Tradeoff for installing DIMM 7 & 8 in full build?

Nickel · October 5, 2024, 4:45am

Was reading the motherboard manual and saw:

“The blue slots must be populated first.
Only populate DIMMA2 and DIMMD2 if the extra memory support is needed.”

What’s the tradeoff for populating DIMMA2 and DIMMD2 vs not? Was originally thinking of populating them for additional ZFS ARC (that I probably don’t actually need), but if there is a perf hit I might reconsider.

DigitalGarden · October 5, 2024, 7:30am

The performance hit depends a bit on your workload, what CPU you chose, and what speed DIMMs 45HL provides with the full build–if they provide 2933 MT/s DIMMs or something slower. I don’t have a full build.

Based on the table and Note 1 on page 34, the performance impact is probably zero unless you splurged for the 6230R upgrade.
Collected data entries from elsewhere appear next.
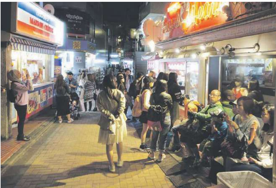
Tokion Harajuku-alue on nuorisokulttuurin sykkivä keskus.

Japani on perinteisesti hyvän järjestyksen ja kohteliaan käytöksen maa; ihmiset jonottavat kuuliaisesti juniin ja busseihin nousemista, syömistä kaduilla karsastetaan, junissa kännykät pysyvät äänettöminä ja jokainen ostos, pieni tai iso, hoidetaan suurella tarkkuudella ja kohteliaisuudella – ja kuitti ostoksesta ojennetaan poikkeuksetta kaksin käsin, kumarrellen. Katukuvasta roskapöntöt puuttuvat; jokainen kuljettaa itse omat roskansa kotiinsa asianmukaisesti hävitettäviksi. Katupysäköintiä ei käytännössä ole ja auton omistus ilmeisesti edellyttää pysäköintipaikan osoittamista omasta pihasta. Koiria toki näkyy, mutta ne eivät saa kävellä vapaasti maassa vaan kulkevat mukana omistajansa kassissa – ei siis koirankakkojakaan missään.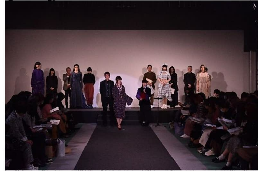
製作した学生が匠講師と登壇しプレゼン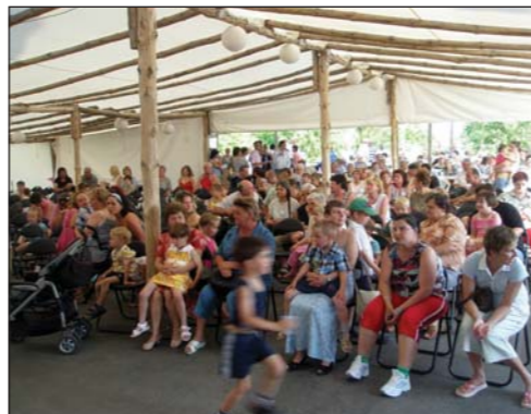
Az összefogás napja

Without going into a whole explanation of slots and channels, when you populate A2/D2 you are causing the memory controller to switch from 1 DPC (DIMM Per Channel) to 2 DPC mode. Having the second DIMM on a channel allows for more RAM capacity, but slows down the maximum transfer speed to each of those DIMMs. The Xeon/LGA3647 platform used by the X11SPH allows for up to six memory channels, so to support 8 DIMM slots, two of those need to be paired, thus A2 (paired with A1) and D2 (paired with D1).
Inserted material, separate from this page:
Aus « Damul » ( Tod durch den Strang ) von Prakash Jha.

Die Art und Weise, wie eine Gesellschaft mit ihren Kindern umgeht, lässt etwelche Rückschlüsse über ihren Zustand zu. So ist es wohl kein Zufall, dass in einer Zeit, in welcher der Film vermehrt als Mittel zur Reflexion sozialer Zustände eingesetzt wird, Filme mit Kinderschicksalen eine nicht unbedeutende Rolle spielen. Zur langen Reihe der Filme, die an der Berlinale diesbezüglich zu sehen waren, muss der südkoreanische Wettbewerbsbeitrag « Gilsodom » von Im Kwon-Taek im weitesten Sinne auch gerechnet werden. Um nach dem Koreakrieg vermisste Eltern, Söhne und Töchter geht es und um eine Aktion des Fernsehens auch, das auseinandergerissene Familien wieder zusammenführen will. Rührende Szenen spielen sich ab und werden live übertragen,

If you were/are running a 62xx CPU or higher, then the maximum memory transfer speed supported by the CPU would drop from 2933 to 2666. But this is also dependent on the speed rating of the RAM sticks, if that is only 2333, for example, then all the RAM will only operate at 2333. The speed limit is across all the RAM connected to a CPU, not a per slot or per channel basis. Since the 32xx and 42xx can’t operate the memory at 2933 anyway based on Note 1, and that is probably more likely the CPU you have, then adding RAM to A2/D2 shouldn’t slow anything down assuming you use 2666 MT/s RAM.

Also, even if you did have a 62xx and memory speed dropped from 2933 to 2666, it probably wouldn’t be that noticeable for ARC, given it’s role as a cache. I think memory speed is most noticeable for heavy compute tasks, like CPU-heavy (non-GPU) games, AI or creator workloads.

Nickel · October 6, 2024, 4:45am

Thanks for the excellent explanation! It certainly makes sense that multiplexing channels to incorporate DIMM 7+8 would reduce performance.

My WFH CI pipeline has a working set of ~3.5 TB in mostly <10MB files. It also does occasional scans to ingest a larger historical set (>20TB) . This is what’s got me thinking about memory tradeoffs. I know that ZFS has protection against polluting the ARC with streaming scans, but I’m not sure how it does with more stochastic scans. This seems like it /might/ be a good use case for a large L2ARC (4TB against 384G RAM), but L2ARC population speed seems like it could be the bottleneck.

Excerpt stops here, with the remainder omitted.